Pitseng is a community council located in the Leribe District of Lesotho. The population in 2006 was 18,948.

==Villages==
The community of Pitseng includes the villages of Bolahla (Ha Mahloane), Ha 'Makena, Ha 'Mamanka, Ha Botšo, Ha Filipi, Ha Jorotane, Ha Khomoatsana, Ha Khopa, Ha Lota, Ha Mahloane, Ha Majara, Ha Makape, Ha Makateng (Pitseng), Ha Makhata, Ha Miro, Ha Moepi, Ha Mofoka (Masaleng), Ha Mohatonyane, Ha Monate, Ha Mosebo, Ha Motingoe, Ha Mphasa, Ha Mphenyeke, Ha Mpshe (Ha Piletso), Ha Nchee, Ha Nkoana, Ha Ntoere (Pitseng), Ha Ntsebe, Ha Piletso (Mafaleng), Ha Rampesa, Ha Rantšala, Ha Raphoka, Ha Senyokotho, Matlameng, Ha Shekoe, Ha Tau, Ha Tefo, Ha Tjooeng, Hlokoa-Le-Monate, Khoaba-La-Eja-Bohobe, Khoabakhoaba (Pitseng), Lekhalong (Pitseng), Lilibaneng, Lipohong, Litooaneng, London (Pitseng), Phomolong, Pontšeng, Sekoaing, Tiping and Vukazenzele (Pitseng).

==Education==
Pitseng hosted the Leadership Camp, which was sponsored by the organization Help Lesotho.

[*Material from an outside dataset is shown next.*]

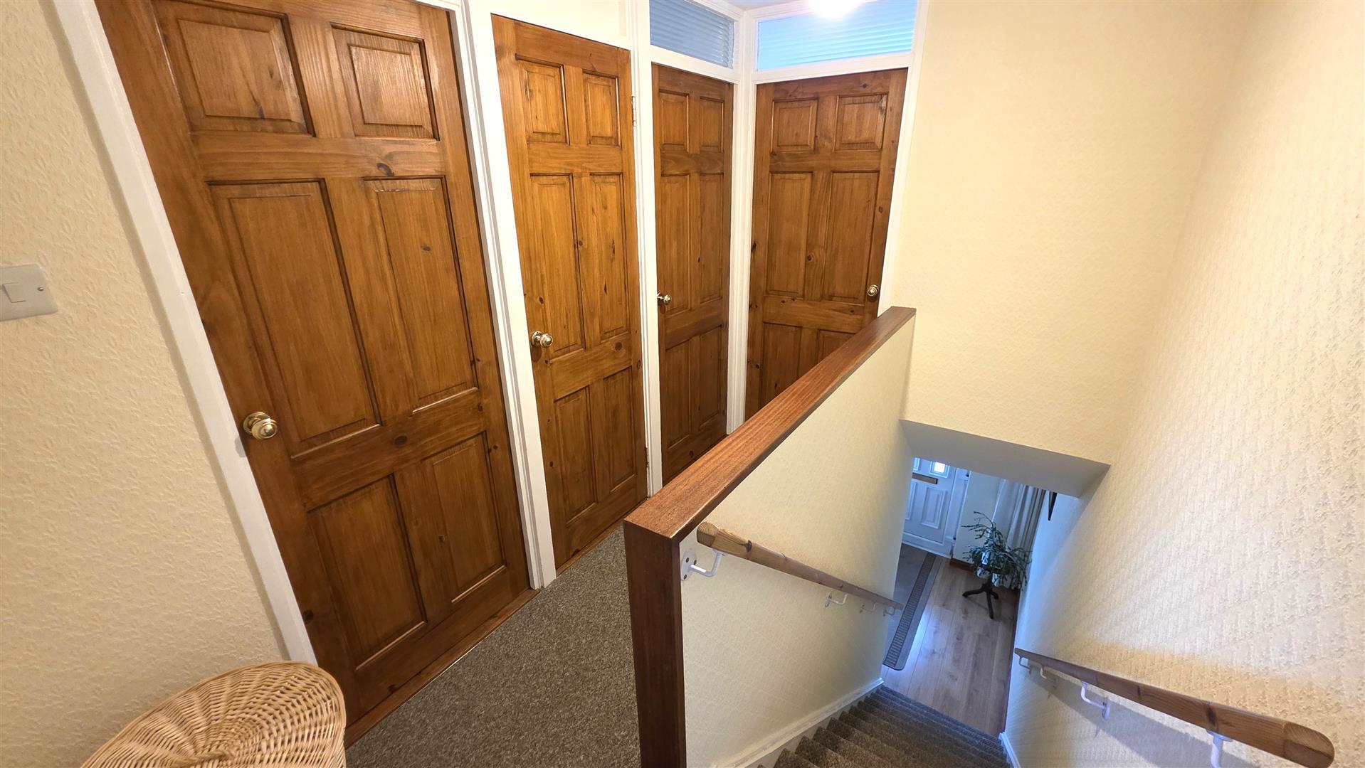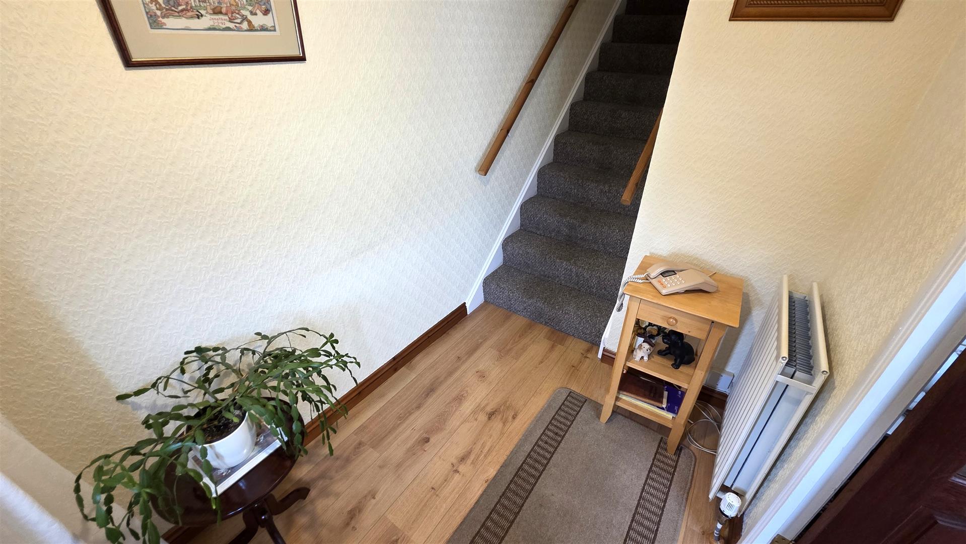 Staircase to first floor with two handrails. Wood laminate flooring. Double radiator. 6 panel bevelled glass door to;

Pitseng has two schools that are twinned with schools in Canada, also helped by Help Lesotho. The schools in Pitseng are Guardian Angel Primary School and Pitseng High School. They are twinned with Rockcliffe Park Public School, in Ottawa, the capital of Canada (Guardian Angel) and Gulf Islands Secondary School, in Salt Spring Island, British Columbia (Pitseng High). Guardian Angel was the first school in Lesotho to be twinned with a school in Canada.
Pitseng is located in the Leribe district. It is under the chieftaincy of Chief Khethisa Tau the son of the late Chief Seoehla Khethisa Tau. There is a Roman Catholic Mission named Pontmain which is run by Sisters of Charity of Ottawa. At present there is another school on the way to Katse dam named after the Great Chief Khethisa and is called Khethisa High School, it is a well performing school under the Lesotho Evangelical Church. This school was established in 1979.